MARKETING: I maintain copyright on the formula and name (in other words,
while I allow free use, I maintain intellectual and copyright ownership),
but I will NOT market Bob's Chicken Gravy.  While I spent months working on
the formula, and begged several experts in carnivore nutrition to evaluate
it, I did not design it to earn a profit.  I am open to granting licenses
for people to market it, providing I am sure the profits support genuine
ferret causes, but that would be the only exception I would make.
 
FEEDING: Ferrets imprint on the smell of their food at a very early age.
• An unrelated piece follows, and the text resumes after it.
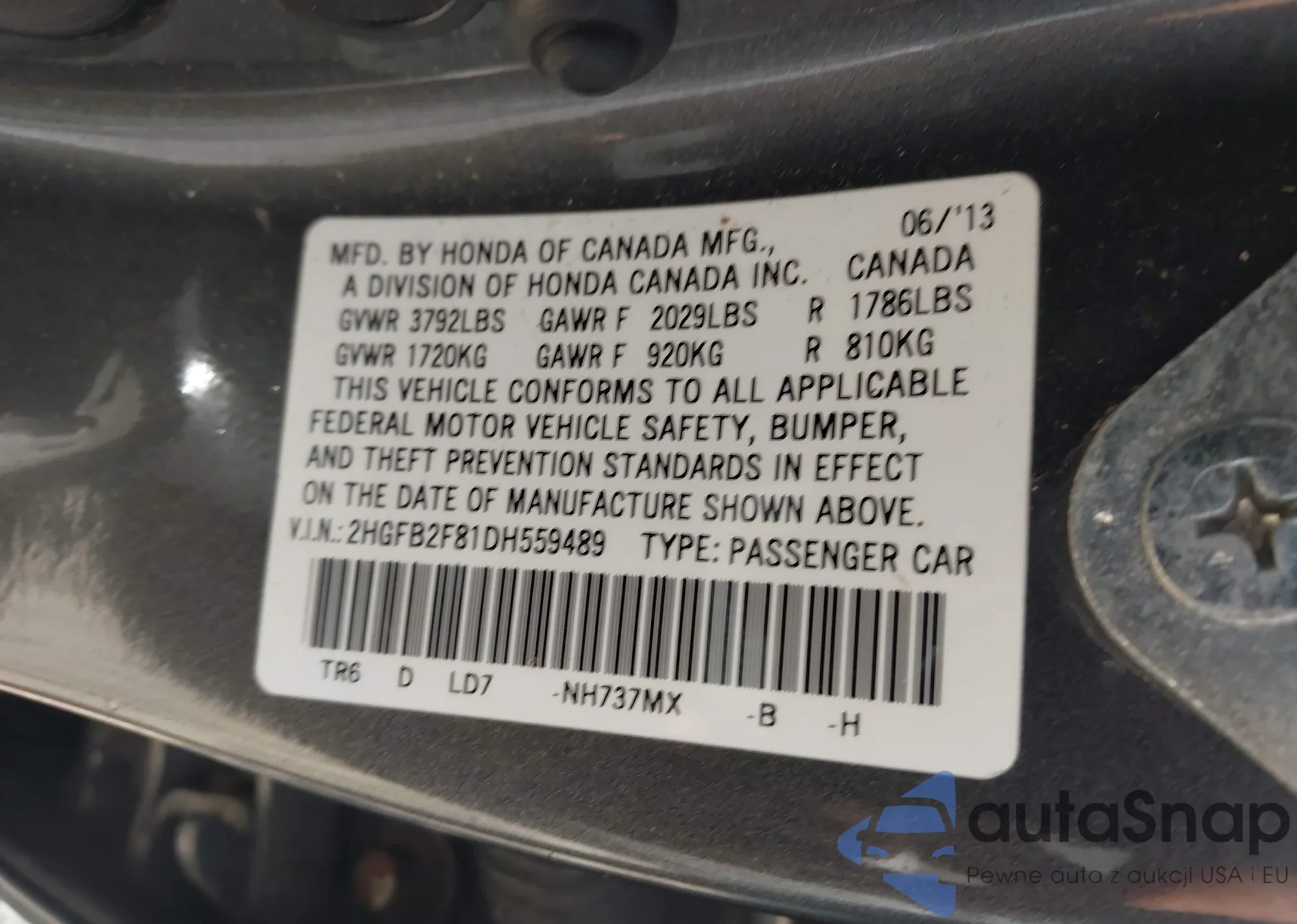 LOT: 43174717 VIN: 2HGFB2F81DH559489

Older ferrets may not recognize Bob's Chicken Gravy as a food, and may
refuse to try it.  Put some on your finger tip and either rub it on their
nose, or rub it on their teeth.  Stick their paw in it to make them lick
it off.  Cover it with kibble dust.  After a few attempts, they should
change their minds and relish the food.  With stubborn ferrets, strongly
imprinted, you might have to force feed a few times.  Success depends on
effort, so don't give up through frustration of laziness.  Work at it and,
excepting the occasional ferret, most will come to love the stuff.